07 December 2012

Hope this Advent

The very least you could do in your life is to figure out what you hope for. And the most you can do is live inside that hope. Not admire it from a distance but live right in it, under its roof.

hope rocks!


29 October 2012

nostalgia

"If a free society cannot help the many who are poor, it cannot save the few who are rich." —John F. Kennedy, in his 1961 inaugural address.

28 October 2012

Fer Life, Agin Common Sense

Here's something decent:
You can call yourself a “pro-conception-to-birth, indifferent-to-life conservative.” I will never refer to someone who pickets Planned Parenthood but lobbies against common-sense gun laws as “pro-life.”
From the article "Why I am Pro-life" by Thomas Friedman, NYTimes October 27, 2012  

12 October 2012

I am the better Catholic, duh

Both Mr. Ryan and Mr. Biden are obviously serious about their Catholicism. Can anyone doubt that? They also offer a kind of Rorschach test for U.S. Catholic voters. Mr. Ryan is a Catholic who is clearly opposed to abortion and not so clearly in support of programs that would directly help the poor. Mr. Biden is not so clearly opposed to abortion and clearly in support of programs that would directly help the poor. They represent, in a sense, two distinct types of "Catholicisms" alive in our country today.
James Martin, SJ

Source: "Don't Vote for the 'Better Catholic,'" America Magazine "In All Things" blog, Friday, October 12, 2012

11 October 2012

Secularism! Feminism! Ism-isms!

Caught wind of this radio interview (yeah, there's such a thing as Vatican Radio, who knew?) with CRS board chair Bishop Gerald F. Kicanas of Tuscon. CRS (Catholic Relief Services) is one of the three Catholic non-profits my office represents. The interview itself is probably boring for those outside of Catholicism, but there are a few challenging bits that are sticking to my brain, as it were.

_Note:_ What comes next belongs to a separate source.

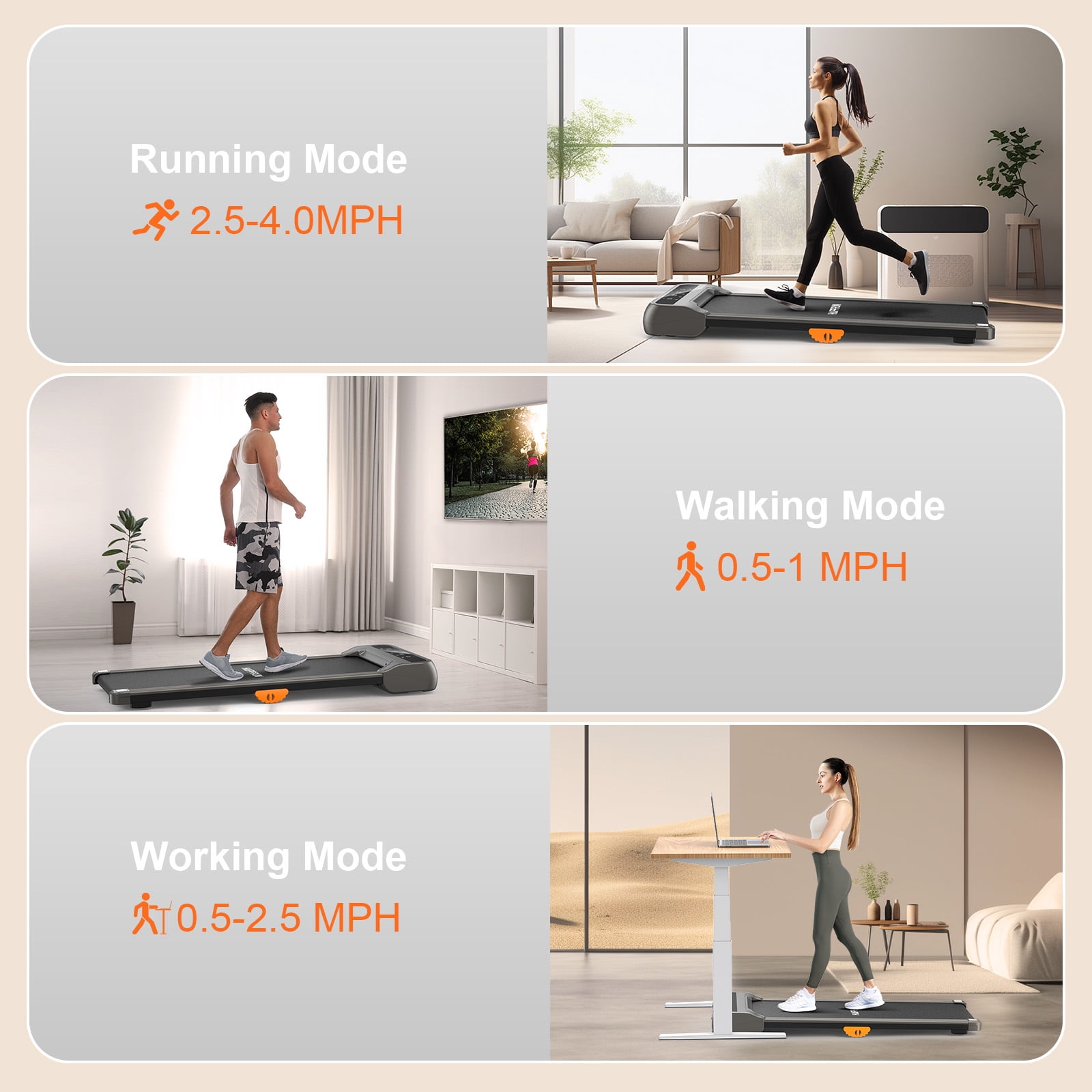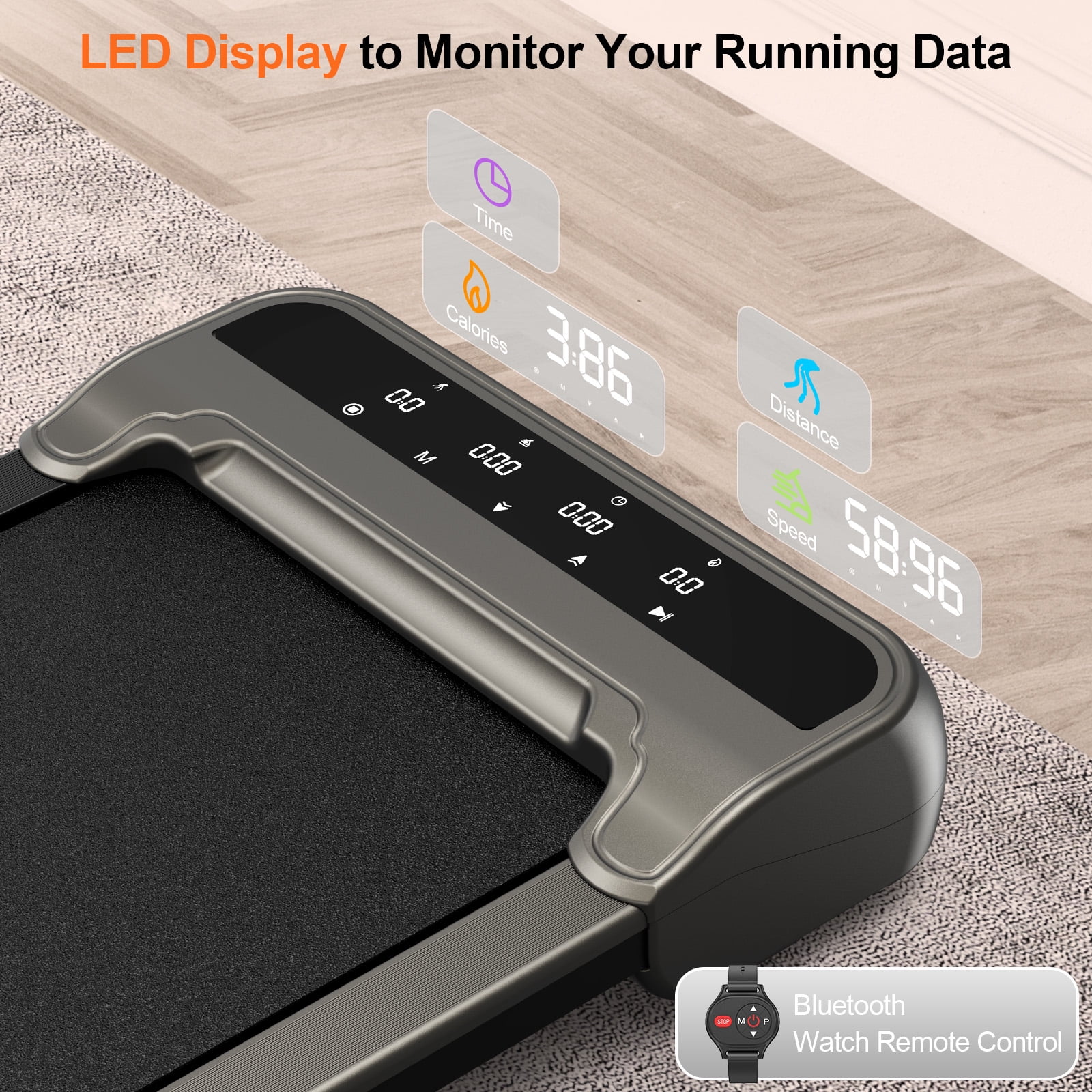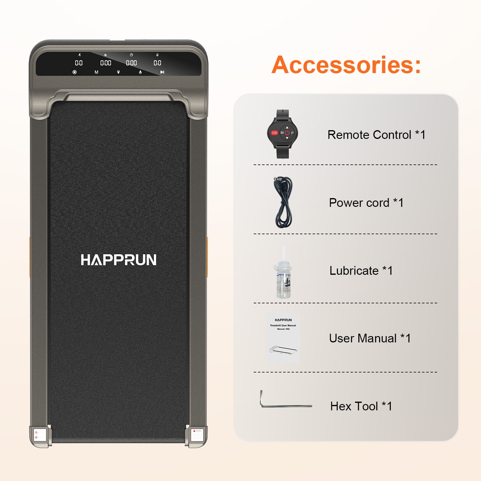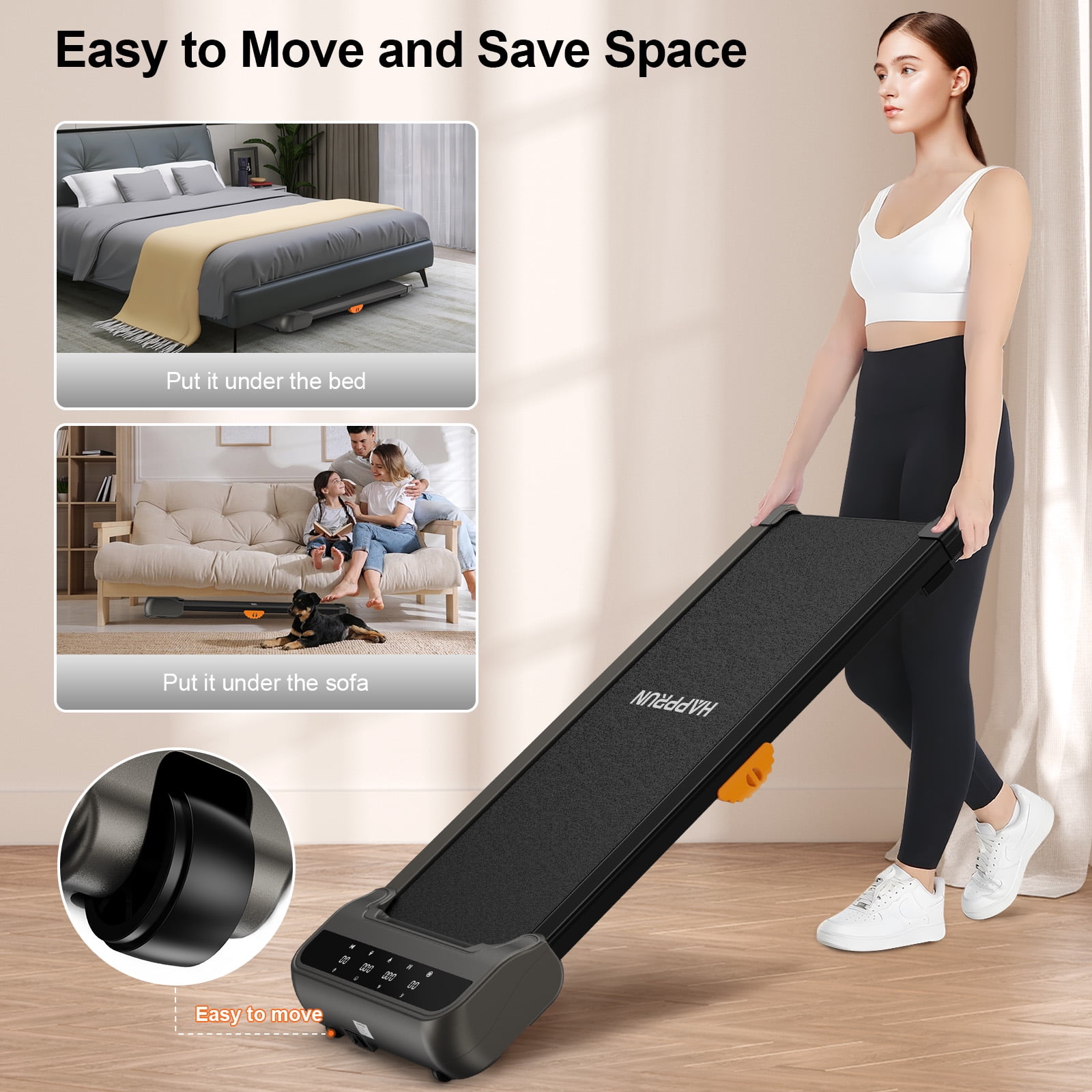 Transform Your Fitness Routine with HAPPRUN walking pad! Are you struggling with night runs? Worried about exercising outdoors in the winter? Or simply not a fan of going to the gym? Now, with the HAPPRUN treadmill, all your fitness concerns can be a thing of the past. HAPPRUN is designed to make your workouts enjoyable and hassle-free. We provide prompt and effective customer support, ensuring you have no worries about after-sales issues with larger products. Key Features: ???? Dual Control and LED Touch Screen: Equipped with a wrist-worn remote control, it’s convenient to adjust settings while exercising. The LED touch screen also allows for easy control and displays time, speed, distance, and calories burned, helping you track your progress effortlessly.This under desk treadmill retains your workout data for up to 10 minutes when paused, so you can hydrate or take calls without losing your progress. ???? Three Workout Modes: Choose from walking, working, or running modes by adjusting the speed. If you experience shoulder, neck, or back discomfort while working, you can opt to walk while you work. This healthier work style is set to become a future trend. ???? The compact, space-saving design allows you to store it under the sofa, bed, or against a wall, making it perfect for apartment use. With two wheels at the bottom, it’s easy to move around. This walking pad treadmill comes fully assembled, so you can use it straight out of the box with no setup required. ???? The 5-layer non-slip running belt and spacious running area (40″ x 16″) offer effective cushioning for your knees and leg muscles, ensuring a safer and more comfortable workout experience. Tips: It’s normal for the treadmill belt to shift slightly, either initially or after some use. This is a common occurrence and there’s no need to worry. The included manual provides instructions on how to adjust the belt. If you hear any unusual noises, use the included lubricant to help reduce them. Satisfying Customer Service: HAPPRUN offers a 1-year warranty and professional customer support to ensure your peace of mind. If you have any questions or concerns, please feel free to contact us. Don’t let weather, time, or location limit your fitness goals. Order your HAPPRUN treadmill today and enjoy a healthier, more active lifestyle right from the comfort of your home!

In the interview, the bishop opens the following insight:
"Despite the rise of secularism, I think every human being is going to ask the basic questions, ‘who am I, where am I going and what is the best way to live my life?' So it’s important for the Church to find ways to address those questions."
I totally dig this because it has my name written all over it! Or, more accurately, this is why I am who I am--everything from why this blog exists, to why I studied spirituality and why I do the satisfying work that I do. These questions are secular questions, they are spiritual questions, they are human questions. Being--the very fact of existence and consciousness of that existence--begs these questions, and I imagine it would be a rough go searching for a human being that hasn't in some way or other asked these questions, and come up with some sort of matrix of understanding using the interpreted answers to them. This by no means indicates a like-mindedness of all people--quite the opposite. It is in asking these questions and attempting to formulate answers and create meaning in our lives that there are such varying opinions and beliefs and values among us humans. I wonder that any two humans have ever truly come up with identical responses to the question of being.
So, that's my shtick and all on that.

There is also a definite challenge to me in the bishop's words as well. His basic message in the interview pushes the importance of justice and charity, their interconnectedness to each other and their impulsion toward action. Bishop Kicanas speaks about this within the framework of Catholic Social Teaching, saying,
Sadly I think for some people there is this tension between pro-life and pro-justice but for a true believer in the Lord there is no such distinction…so a pro-immigration Catholic has to be concerned about the unborn and a person who is concerned for the unborn has to [be] concerned about people on the margins who are living less than decent lives.
I mention this because it hit me pretty hard. Am I just a buffet-style Catholic, with black and white thinking, erring on the side of justice and failing on the side of life? That is a thorny question. My mind goes to a few different places with it.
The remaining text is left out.